Source records

###

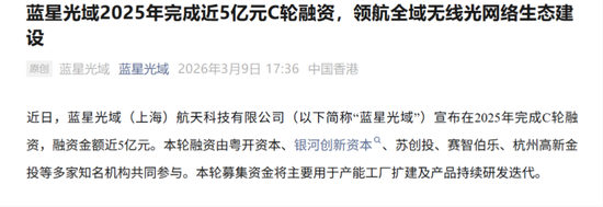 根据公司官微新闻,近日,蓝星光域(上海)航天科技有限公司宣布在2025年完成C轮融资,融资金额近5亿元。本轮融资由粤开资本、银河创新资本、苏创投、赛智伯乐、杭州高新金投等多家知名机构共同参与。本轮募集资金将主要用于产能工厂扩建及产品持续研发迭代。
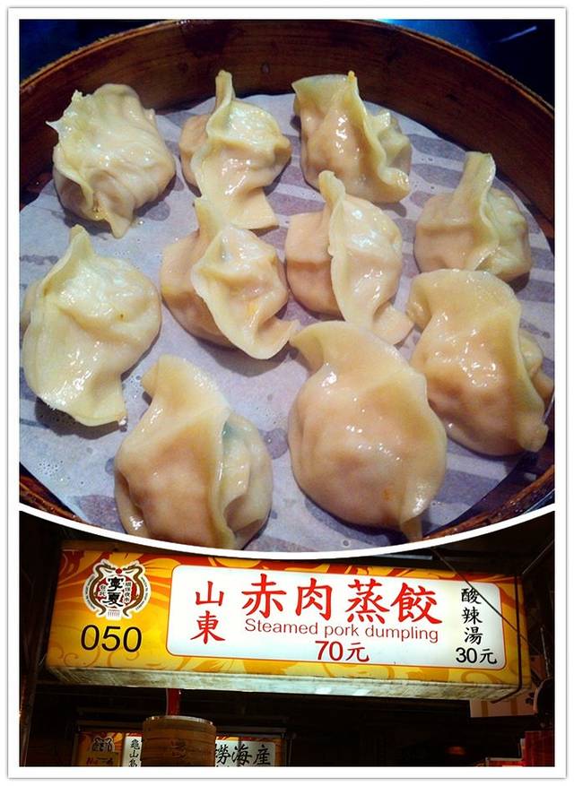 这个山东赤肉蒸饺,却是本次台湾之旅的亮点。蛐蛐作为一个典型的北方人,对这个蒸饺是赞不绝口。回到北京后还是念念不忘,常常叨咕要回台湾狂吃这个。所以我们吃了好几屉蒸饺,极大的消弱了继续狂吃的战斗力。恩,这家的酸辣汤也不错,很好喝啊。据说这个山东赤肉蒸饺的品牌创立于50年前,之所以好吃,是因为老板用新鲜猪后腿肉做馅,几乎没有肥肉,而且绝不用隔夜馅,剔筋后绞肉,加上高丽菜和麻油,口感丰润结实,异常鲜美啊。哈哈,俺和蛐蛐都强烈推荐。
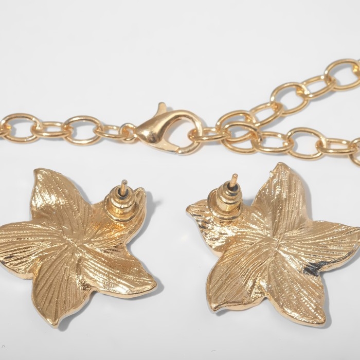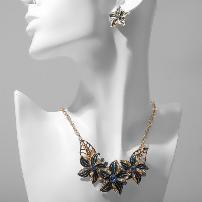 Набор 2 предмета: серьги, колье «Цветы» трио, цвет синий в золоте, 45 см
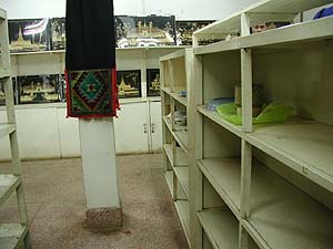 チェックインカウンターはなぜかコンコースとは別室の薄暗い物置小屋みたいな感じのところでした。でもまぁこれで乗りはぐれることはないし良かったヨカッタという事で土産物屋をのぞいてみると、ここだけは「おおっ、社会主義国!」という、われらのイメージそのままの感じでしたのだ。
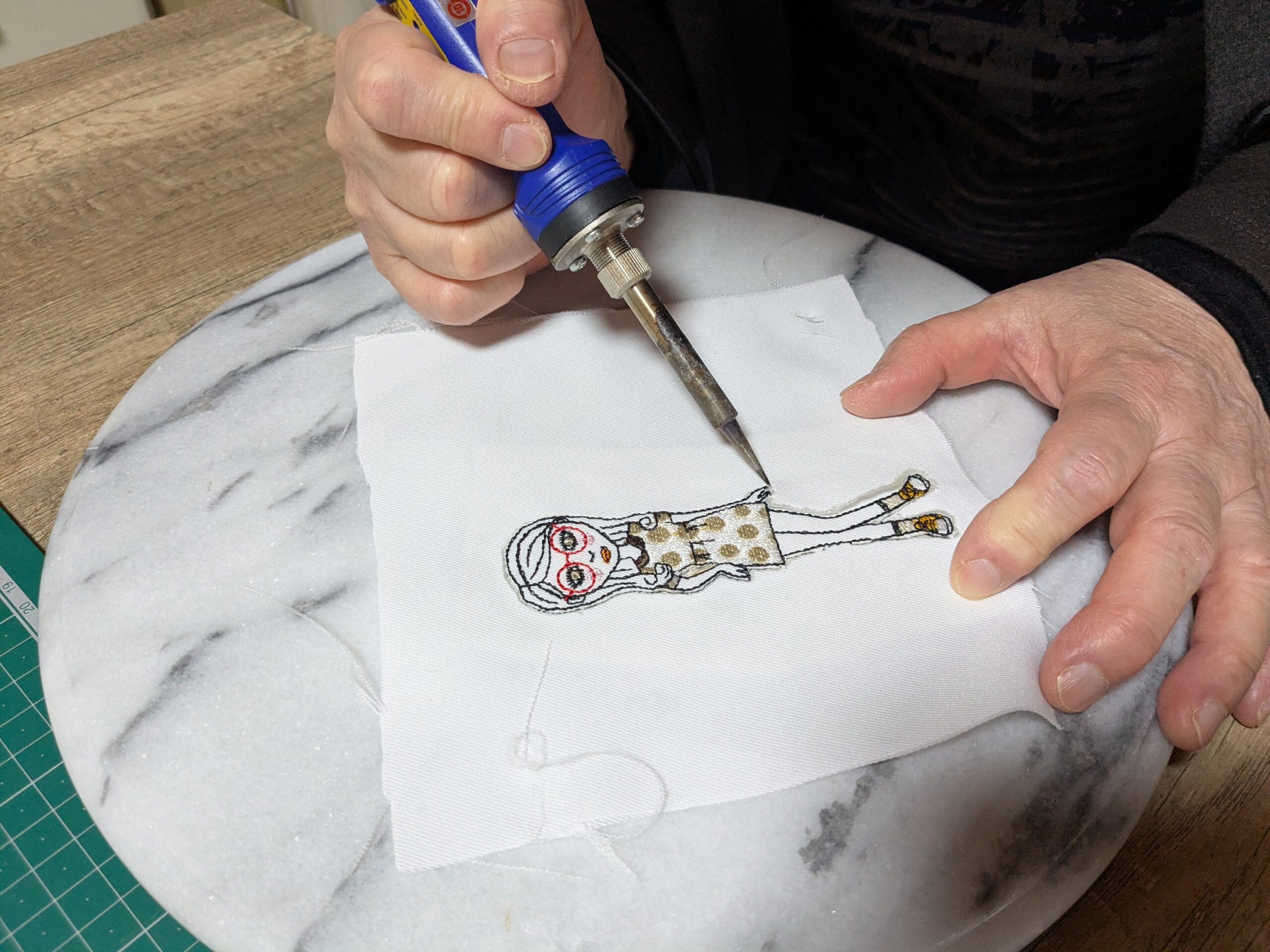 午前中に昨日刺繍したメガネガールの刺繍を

###

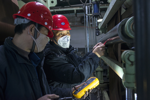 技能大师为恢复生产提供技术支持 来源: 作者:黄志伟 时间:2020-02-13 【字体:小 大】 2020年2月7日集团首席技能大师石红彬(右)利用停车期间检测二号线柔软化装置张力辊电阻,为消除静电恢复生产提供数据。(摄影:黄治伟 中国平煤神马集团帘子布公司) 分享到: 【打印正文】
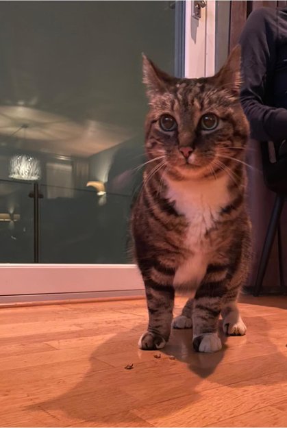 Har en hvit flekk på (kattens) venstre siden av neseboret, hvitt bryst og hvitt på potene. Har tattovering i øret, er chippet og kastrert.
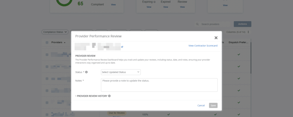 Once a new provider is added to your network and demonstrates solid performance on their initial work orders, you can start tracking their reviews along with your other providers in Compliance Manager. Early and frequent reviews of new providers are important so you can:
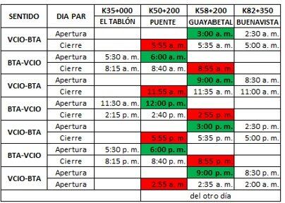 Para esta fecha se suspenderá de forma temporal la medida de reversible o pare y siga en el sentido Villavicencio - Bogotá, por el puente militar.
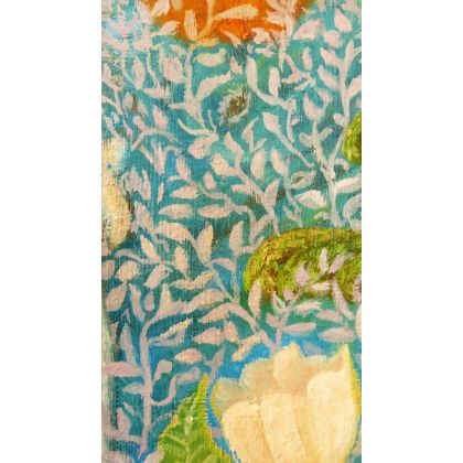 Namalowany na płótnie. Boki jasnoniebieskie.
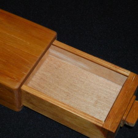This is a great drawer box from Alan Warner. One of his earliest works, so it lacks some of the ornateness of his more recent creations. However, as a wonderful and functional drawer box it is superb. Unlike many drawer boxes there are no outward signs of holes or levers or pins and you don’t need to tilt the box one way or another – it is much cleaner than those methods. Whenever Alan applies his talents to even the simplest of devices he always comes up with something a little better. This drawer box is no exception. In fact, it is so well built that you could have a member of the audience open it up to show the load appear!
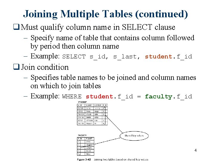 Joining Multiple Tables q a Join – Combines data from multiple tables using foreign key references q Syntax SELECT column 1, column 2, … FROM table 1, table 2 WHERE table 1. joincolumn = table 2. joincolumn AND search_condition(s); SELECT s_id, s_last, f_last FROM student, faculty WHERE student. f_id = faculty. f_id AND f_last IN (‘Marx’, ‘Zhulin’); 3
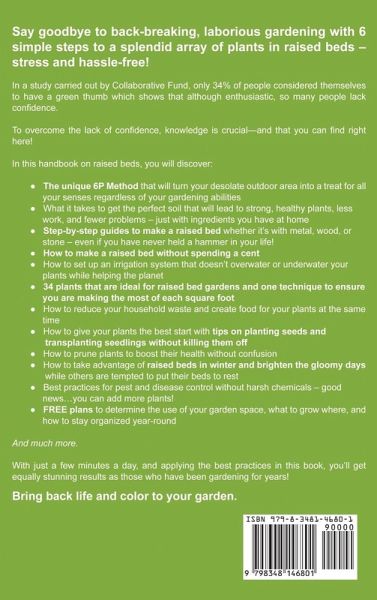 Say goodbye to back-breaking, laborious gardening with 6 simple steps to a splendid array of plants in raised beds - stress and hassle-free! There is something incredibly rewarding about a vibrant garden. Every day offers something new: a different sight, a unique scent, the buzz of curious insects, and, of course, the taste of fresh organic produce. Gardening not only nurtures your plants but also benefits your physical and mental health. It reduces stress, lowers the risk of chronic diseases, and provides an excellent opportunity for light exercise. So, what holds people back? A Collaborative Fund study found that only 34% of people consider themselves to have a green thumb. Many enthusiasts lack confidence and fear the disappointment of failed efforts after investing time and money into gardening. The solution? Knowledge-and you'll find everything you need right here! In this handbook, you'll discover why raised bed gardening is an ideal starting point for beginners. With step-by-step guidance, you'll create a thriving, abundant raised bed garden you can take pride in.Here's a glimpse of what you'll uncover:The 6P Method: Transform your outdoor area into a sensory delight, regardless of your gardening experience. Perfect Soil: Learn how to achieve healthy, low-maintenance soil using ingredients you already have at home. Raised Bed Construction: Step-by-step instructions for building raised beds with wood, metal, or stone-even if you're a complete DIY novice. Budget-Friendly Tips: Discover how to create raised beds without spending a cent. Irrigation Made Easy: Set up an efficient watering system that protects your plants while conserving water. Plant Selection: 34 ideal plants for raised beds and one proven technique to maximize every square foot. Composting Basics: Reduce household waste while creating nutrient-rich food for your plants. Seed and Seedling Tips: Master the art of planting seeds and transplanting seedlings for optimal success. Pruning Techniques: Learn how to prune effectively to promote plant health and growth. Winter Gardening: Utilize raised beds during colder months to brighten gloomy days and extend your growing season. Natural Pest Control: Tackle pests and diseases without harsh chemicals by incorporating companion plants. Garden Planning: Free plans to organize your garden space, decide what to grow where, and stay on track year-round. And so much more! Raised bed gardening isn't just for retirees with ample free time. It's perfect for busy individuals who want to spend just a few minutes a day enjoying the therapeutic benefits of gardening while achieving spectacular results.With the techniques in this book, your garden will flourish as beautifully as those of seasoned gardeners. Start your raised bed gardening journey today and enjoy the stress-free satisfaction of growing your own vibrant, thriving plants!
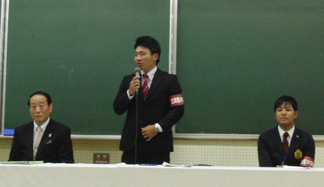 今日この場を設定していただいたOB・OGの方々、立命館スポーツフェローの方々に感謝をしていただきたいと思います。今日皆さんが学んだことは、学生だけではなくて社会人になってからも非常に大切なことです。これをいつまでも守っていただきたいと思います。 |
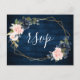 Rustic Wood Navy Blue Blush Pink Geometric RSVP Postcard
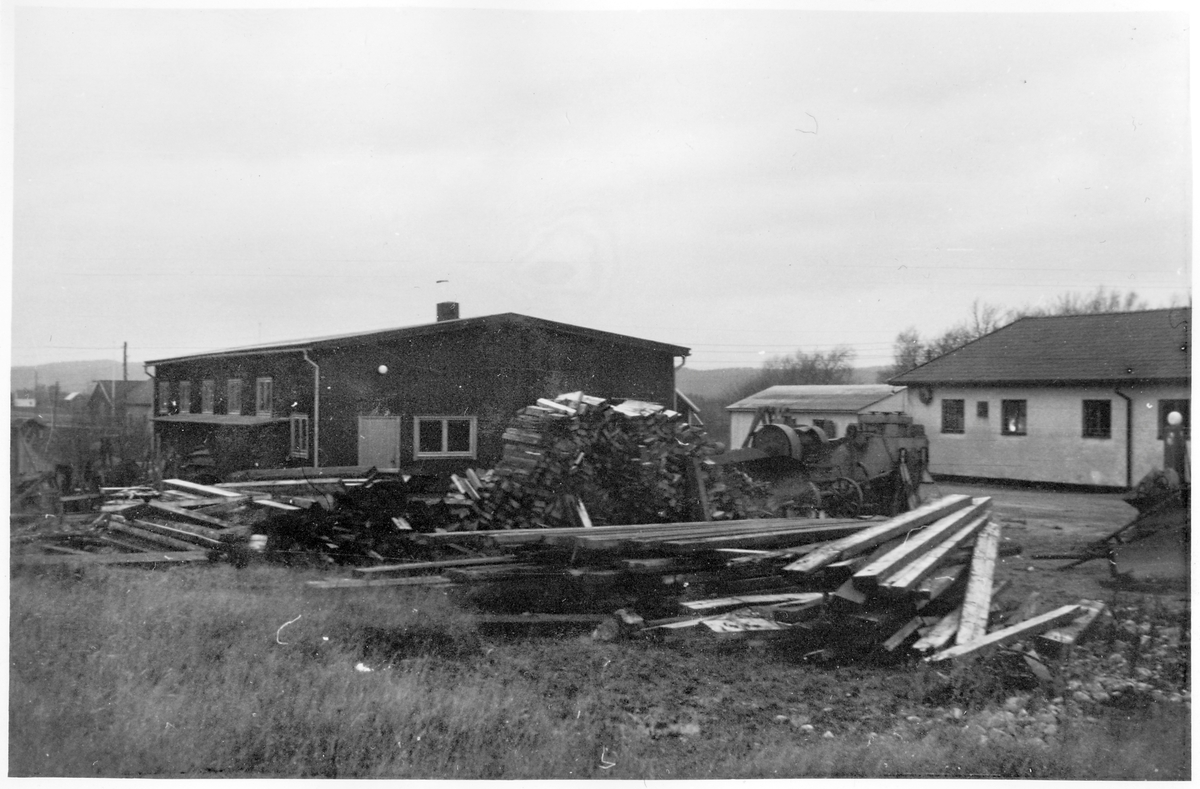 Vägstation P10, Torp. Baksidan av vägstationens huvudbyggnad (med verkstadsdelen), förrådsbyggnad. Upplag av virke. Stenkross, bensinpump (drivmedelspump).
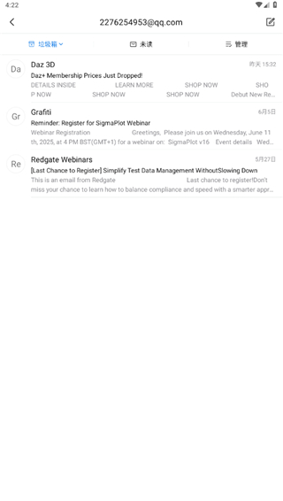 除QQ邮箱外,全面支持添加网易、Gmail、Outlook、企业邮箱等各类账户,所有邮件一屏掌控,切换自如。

###

Assignment
"技能大师为恢复生产提供技术支持 来源: 作者:黄志伟" marks the first line to copy, and "Namalowany na płótnie. Boki jasnoniebieskie." marks the last. Repeat that stretch above exactly, with no pictures.

Answer area
 技能大师为恢复生产提供技术支持 来源: 作者:黄志伟 时间:2020-02-13 【字体:小 大】 2020年2月7日集团首席技能大师石红彬(右)利用停车期间检测二号线柔软化装置张力辊电阻,为消除静电恢复生产提供数据。(摄影:黄治伟 中国平煤神马集团帘子布公司) 分享到: 【打印正文】
 Har en hvit flekk på (kattens) venstre siden av neseboret, hvitt bryst og hvitt på potene. Har tattovering i øret, er chippet og kastrert.
 Once a new provider is added to your network and demonstrates solid performance on their initial work orders, you can start tracking their reviews along with your other providers in Compliance Manager. Early and frequent reviews of new providers are important so you can:
 Para esta fecha se suspenderá de forma temporal la medida de reversible o pare y siga en el sentido Villavicencio - Bogotá, por el puente militar.
 Namalowany na płótnie. Boki jasnoniebieskie.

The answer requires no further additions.